Content starts

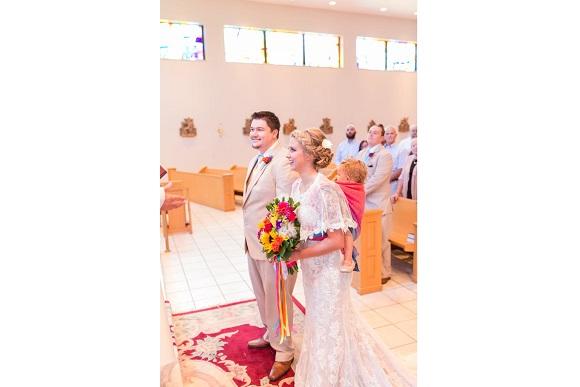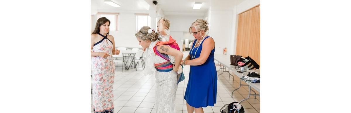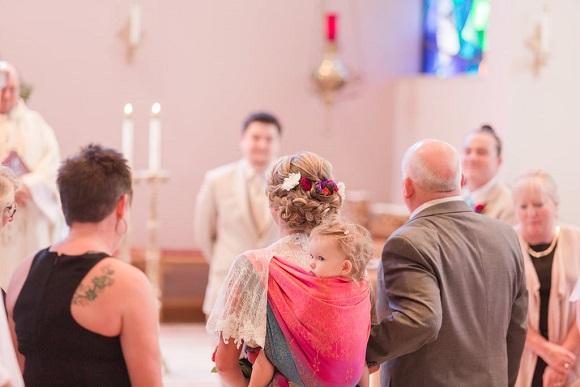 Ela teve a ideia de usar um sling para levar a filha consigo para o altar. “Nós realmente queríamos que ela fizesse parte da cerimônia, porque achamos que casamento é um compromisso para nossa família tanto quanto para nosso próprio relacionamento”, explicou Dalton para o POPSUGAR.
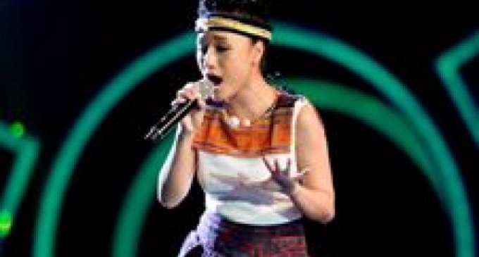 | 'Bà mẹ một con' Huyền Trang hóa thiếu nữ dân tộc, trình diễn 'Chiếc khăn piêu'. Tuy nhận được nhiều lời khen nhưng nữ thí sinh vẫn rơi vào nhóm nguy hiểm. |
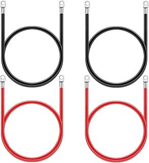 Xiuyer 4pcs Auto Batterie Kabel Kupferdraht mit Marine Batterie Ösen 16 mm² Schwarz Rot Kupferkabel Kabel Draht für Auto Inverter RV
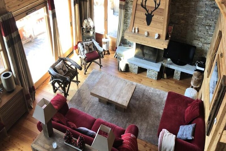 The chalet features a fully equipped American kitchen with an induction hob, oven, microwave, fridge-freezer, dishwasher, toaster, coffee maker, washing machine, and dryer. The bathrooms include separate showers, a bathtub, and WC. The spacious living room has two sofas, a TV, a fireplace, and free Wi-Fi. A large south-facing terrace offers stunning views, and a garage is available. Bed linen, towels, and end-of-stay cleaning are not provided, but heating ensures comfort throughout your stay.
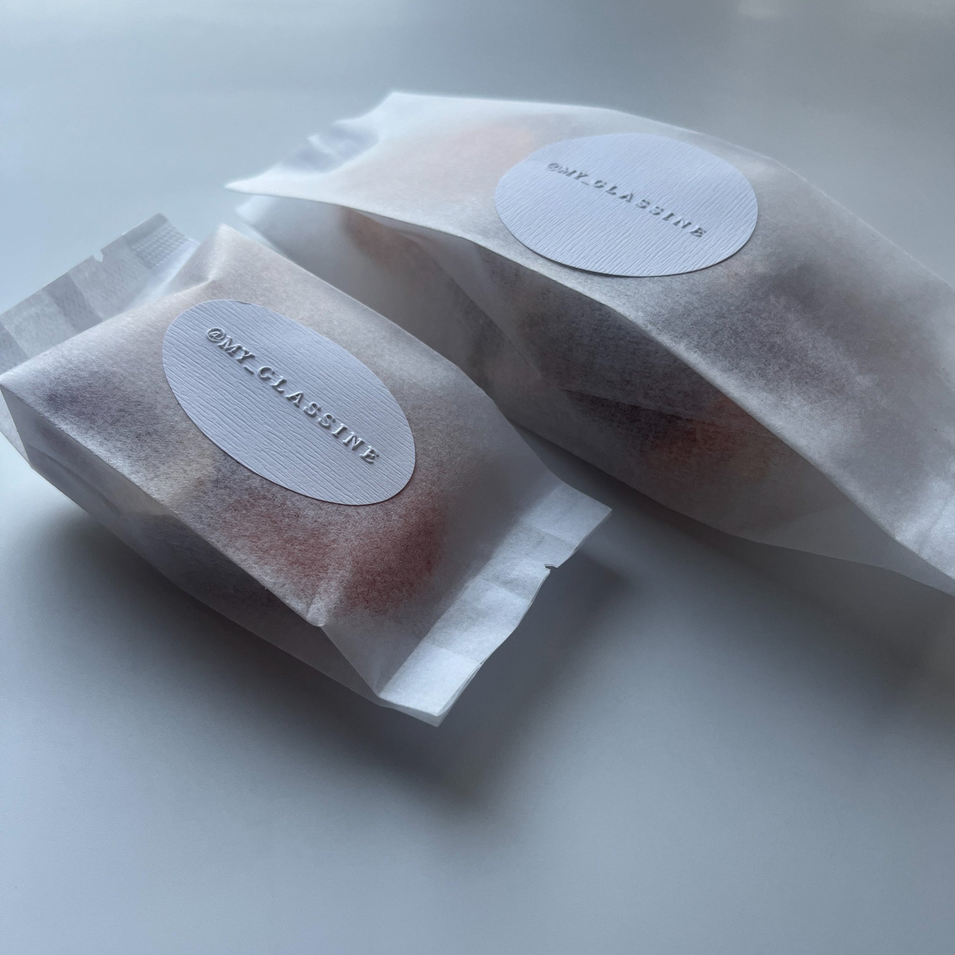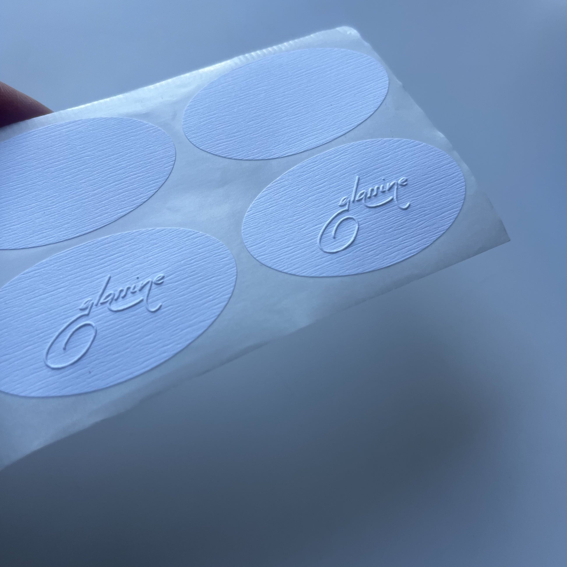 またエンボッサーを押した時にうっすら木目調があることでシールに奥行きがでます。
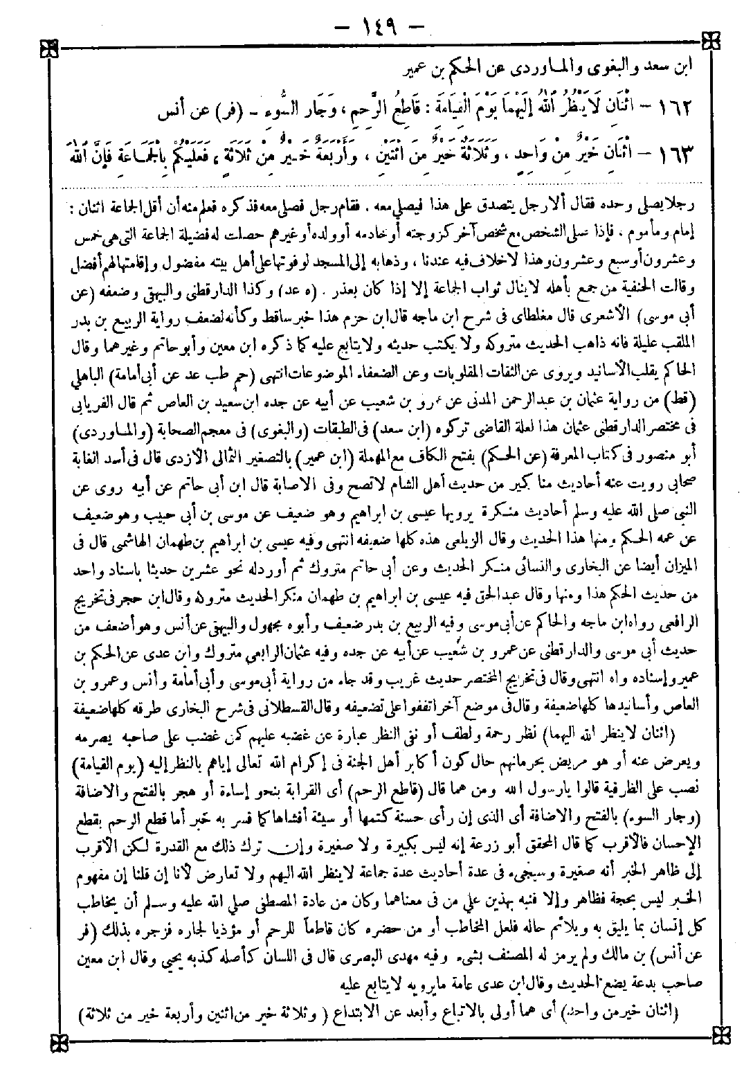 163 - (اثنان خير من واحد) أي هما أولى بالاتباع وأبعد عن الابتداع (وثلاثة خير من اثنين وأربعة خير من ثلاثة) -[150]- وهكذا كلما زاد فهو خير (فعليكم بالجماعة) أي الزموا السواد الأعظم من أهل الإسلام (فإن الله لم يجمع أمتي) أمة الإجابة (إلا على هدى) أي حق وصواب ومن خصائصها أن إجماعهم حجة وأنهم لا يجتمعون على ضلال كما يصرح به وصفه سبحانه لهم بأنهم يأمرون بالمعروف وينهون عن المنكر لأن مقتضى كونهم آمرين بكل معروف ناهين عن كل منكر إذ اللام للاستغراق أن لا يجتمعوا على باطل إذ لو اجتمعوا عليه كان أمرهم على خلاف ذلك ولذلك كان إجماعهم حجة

Content ends

◆ PROBLEM REQUIREMENTS ◆
Everything from the line containing "またエンボッサーを押した時にうっすら木目調があることでシールに奥行きがでます。" through the last line of the records above is to be reproduced exactly, except the pictures.

◆ REPLY TO THE EXERCISE ◆
 またエンボッサーを押した時にうっすら木目調があることでシールに奥行きがでます。
 163 - (اثنان خير من واحد) أي هما أولى بالاتباع وأبعد عن الابتداع (وثلاثة خير من اثنين وأربعة خير من ثلاثة) -[150]- وهكذا كلما زاد فهو خير (فعليكم بالجماعة) أي الزموا السواد الأعظم من أهل الإسلام (فإن الله لم يجمع أمتي) أمة الإجابة (إلا على هدى) أي حق وصواب ومن خصائصها أن إجماعهم حجة وأنهم لا يجتمعون على ضلال كما يصرح به وصفه سبحانه لهم بأنهم يأمرون بالمعروف وينهون عن المنكر لأن مقتضى كونهم آمرين بكل معروف ناهين عن كل منكر إذ اللام للاستغراق أن لا يجتمعوا على باطل إذ لو اجتمعوا عليه كان أمرهم على خلاف ذلك ولذلك كان إجماعهم حجة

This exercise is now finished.